◆ **PROBLEM DESCRIPTION**:
I'd like the full listing transcribed exactly, with no images included.

◆ **INPUT**:
┄┄┄┄┄┄┄┄┄┄┄┄┄┄┄┄┄┄┄┄

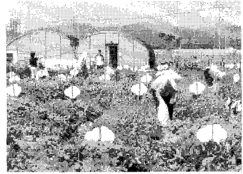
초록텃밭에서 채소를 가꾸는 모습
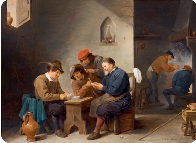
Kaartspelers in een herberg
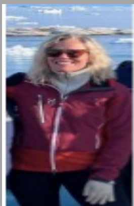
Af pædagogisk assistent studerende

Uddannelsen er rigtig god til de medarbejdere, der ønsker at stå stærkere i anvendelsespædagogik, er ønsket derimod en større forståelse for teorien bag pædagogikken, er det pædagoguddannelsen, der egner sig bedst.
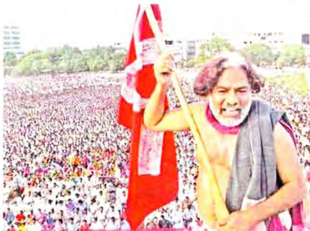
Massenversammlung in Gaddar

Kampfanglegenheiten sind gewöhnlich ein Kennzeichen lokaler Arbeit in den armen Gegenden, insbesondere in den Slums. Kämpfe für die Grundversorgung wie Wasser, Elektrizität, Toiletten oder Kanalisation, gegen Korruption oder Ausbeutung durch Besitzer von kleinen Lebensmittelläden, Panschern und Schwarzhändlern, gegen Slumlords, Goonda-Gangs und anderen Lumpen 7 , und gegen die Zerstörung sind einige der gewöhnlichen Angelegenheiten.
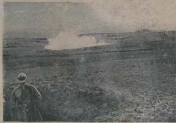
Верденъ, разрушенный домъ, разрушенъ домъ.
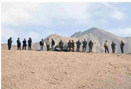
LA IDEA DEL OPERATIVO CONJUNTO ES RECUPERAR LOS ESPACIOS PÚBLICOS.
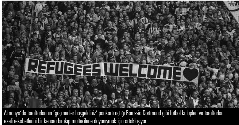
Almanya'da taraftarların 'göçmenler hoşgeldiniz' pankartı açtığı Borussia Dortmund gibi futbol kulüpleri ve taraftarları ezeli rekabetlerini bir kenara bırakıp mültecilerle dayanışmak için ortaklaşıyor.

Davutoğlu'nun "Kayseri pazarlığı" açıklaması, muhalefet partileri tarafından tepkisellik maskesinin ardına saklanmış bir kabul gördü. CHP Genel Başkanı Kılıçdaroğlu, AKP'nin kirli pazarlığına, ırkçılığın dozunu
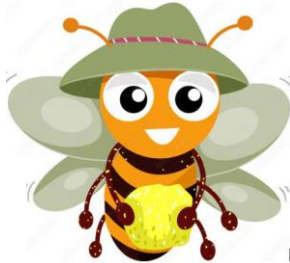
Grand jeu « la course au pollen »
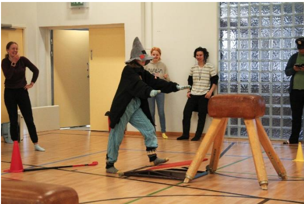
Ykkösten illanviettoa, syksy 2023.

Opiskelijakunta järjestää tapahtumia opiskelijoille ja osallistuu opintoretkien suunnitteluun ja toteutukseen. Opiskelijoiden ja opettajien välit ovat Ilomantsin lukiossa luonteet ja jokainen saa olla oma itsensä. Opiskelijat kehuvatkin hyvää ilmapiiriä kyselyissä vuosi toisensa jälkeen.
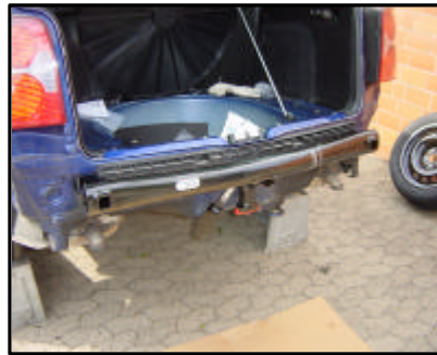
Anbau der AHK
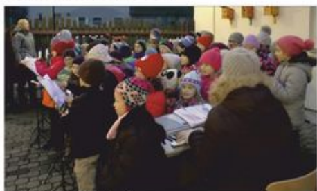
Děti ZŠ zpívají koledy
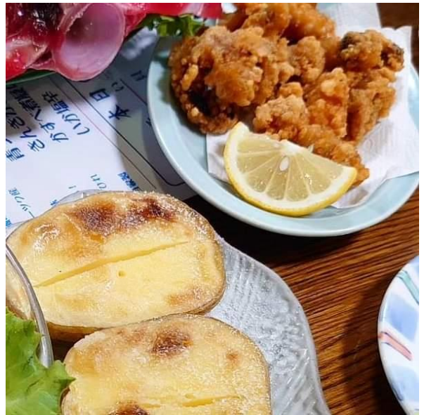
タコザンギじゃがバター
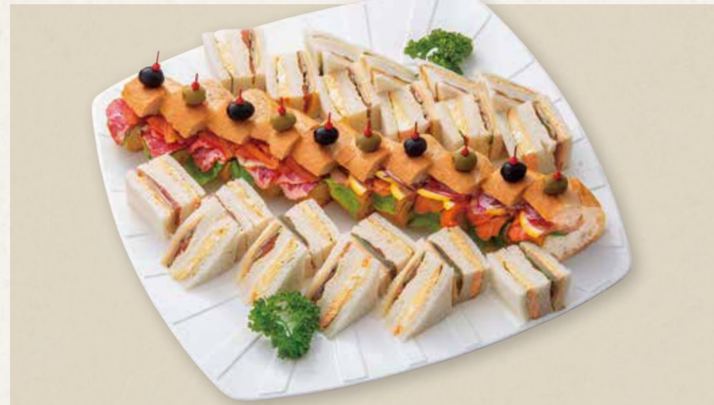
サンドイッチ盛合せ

┄┄┄┄┄┄┄┄┄┄┄┄┄┄┄┄┄┄┄┄

◆ **SOLUTION TO THIS PROBLEM**:
초록텃밭에서 채소를 가꾸는 모습
Kaartspelers in een herberg
Af pædagogisk assistent studerende

Uddannelsen er rigtig god til de medarbejdere, der ønsker at stå stærkere i anvendelsespædagogik, er ønsket derimod en større forståelse for teorien bag pædagogikken, er det pædagoguddannelsen, der egner sig bedst.
Massenversammlung in Gaddar

Kampfanglegenheiten sind gewöhnlich ein Kennzeichen lokaler Arbeit in den armen Gegenden, insbesondere in den Slums. Kämpfe für die Grundversorgung wie Wasser, Elektrizität, Toiletten oder Kanalisation, gegen Korruption oder Ausbeutung durch Besitzer von kleinen Lebensmittelläden, Panschern und Schwarzhändlern, gegen Slumlords, Goonda-Gangs und anderen Lumpen 7 , und gegen die Zerstörung sind einige der gewöhnlichen Angelegenheiten.
Верденъ, разрушенный домъ, разрушенъ домъ.
LA IDEA DEL OPERATIVO CONJUNTO ES RECUPERAR LOS ESPACIOS PÚBLICOS.
Almanya'da taraftarların 'göçmenler hoşgeldiniz' pankartı açtığı Borussia Dortmund gibi futbol kulüpleri ve taraftarları ezeli rekabetlerini bir kenara bırakıp mültecilerle dayanışmak için ortaklaşıyor.

Davutoğlu'nun "Kayseri pazarlığı" açıklaması, muhalefet partileri tarafından tepkisellik maskesinin ardına saklanmış bir kabul gördü. CHP Genel Başkanı Kılıçdaroğlu, AKP'nin kirli pazarlığına, ırkçılığın dozunu
Grand jeu « la course au pollen »
Ykkösten illanviettoa, syksy 2023.

Opiskelijakunta järjestää tapahtumia opiskelijoille ja osallistuu opintoretkien suunnitteluun ja toteutukseen. Opiskelijoiden ja opettajien välit ovat Ilomantsin lukiossa luonteet ja jokainen saa olla oma itsensä. Opiskelijat kehuvatkin hyvää ilmapiiriä kyselyissä vuosi toisensa jälkeen.
Anbau der AHK
Děti ZŠ zpívají koledy
タコザンギじゃがバター
サンドイッチ盛合せ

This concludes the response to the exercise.